Data Drift Detection Sensors

sensor_single_column_drift

Detects data drift by analyzing a single column of data over time, row by row. For each new data point, it compares the recent data window against a historical lookback window using a comprehensive suite of metrics. This includes geometric distances (Euclidean, Cosine), distribution comparison tests (Wasserstein, KS-test, Jensen-Shannon), statistical tests for variance (Levene), and scores that measure sudden changes, gradual trends, and volatility. This multi-faceted approach allows it to detect a wide range of drift types, from sudden spikes to gradual changes in distribution.

Main Function Logic

FUNCTION sensor_single_column_drift(data_column, lookback_window, min_history):
  // --- 1. Initialization ---
  results_dataframe = COPY(input_data_column)
  feature_names = GET_ALL_DRIFT_FEATURE_NAMES()
  FOR each feature_name in feature_names:
    results_dataframe[feature_name] = GET_DEFAULT_VALUE(feature_name)
  ENDFOR

  // --- 2. Iteration and Calculation ---
  FOR i from min_history to END of data_column:
    // --- 2a. Define Time Windows ---
    current_value = data_column[i]
    previous_value = data_column[i-1]
    recent_window_end = i + 1
    recent_window_start = MAX(0, i - lookback_window)
    recent_window = data_column from recent_window_start to recent_window_end
    historical_window_end = recent_window_start
    historical_window_start = MAX(0, historical_window_end - lookback_window)
    historical_window = data_column from historical_window_start to historical_window_end

    // --- 2b.
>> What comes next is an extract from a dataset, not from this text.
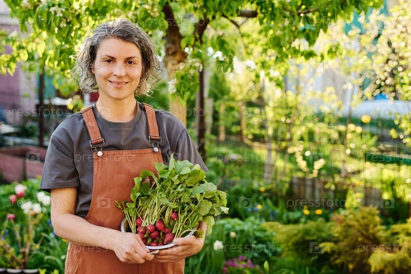 Улыбающийся фермер с урожаем редисок

Calculate All Drift Features for the current point 'i' ---
    current_features = INITIALIZE_EMPTY_DICTIONARY()
    current_features['euclidean_distance'] = CALCULATE_EUCLIDEAN_DISTANCE(recent_window, historical_window)
    current_features['cosine_distance'] = CALCULATE_COSINE_DISTANCE(recent_window, historical_window)
    current_features['mahalanobis_distance'] = CALCULATE_MAHALANOBIS_DISTANCE(current_value, historical_window)
    current_features['wasserstein_distance'] = CALCULATE_WASSERSTEIN_DISTANCE(recent_window, historical_window)
    current_features['jensen_shannon_divergence'] = CALCULATE_JENSEN_SHANNON_DIVERGENCE(recent_window, historical_window)
    current_features['ks_test_pvalue'] = PERFORM_KS_TEST(recent_window, historical_window)
    current_features['levene_test_pvalue'] = PERFORM_LEVENE_TEST(recent_window, historical_window)
    current_features['mannwhitney_test_pvalue'] = PERFORM_MANN_WHITNEY_U_TEST(recent_window, historical_window)
    current_features['sudden_change_score'] = CALCULATE_SUDDEN_CHANGE_SCORE(current_value, previous_value, recent_window)
    current_features['gradual_change_score'] = CALCULATE_GRADUAL_CHANGE_SCORE(recent_window)
    current_features['trend_deviation'] = CALCULATE_TREND_DEVIATION(current_value, historical_window)
    current_features['stability_index'] = CALCULATE_STABILITY_INDEX(recent_window)
    current_features['acceleration'] = CALCULATE_ACCELERATION(data_column, i)
    current_features['momentum'] = CALCULATE_MOMENTUM(recent_window)
    current_features['volatility_ratio'] = CALCULATE_VOLATILITY_RATIO(current_value, previous_value, historical_window)
    current_features['percentile_score'] = CALCULATE_PERCENTILE_SCORE(current_value, historical_window)
    current_features['regime_change_prob'] = CALCULATE_REGIME_CHANGE_PROB(current_value, historical_window)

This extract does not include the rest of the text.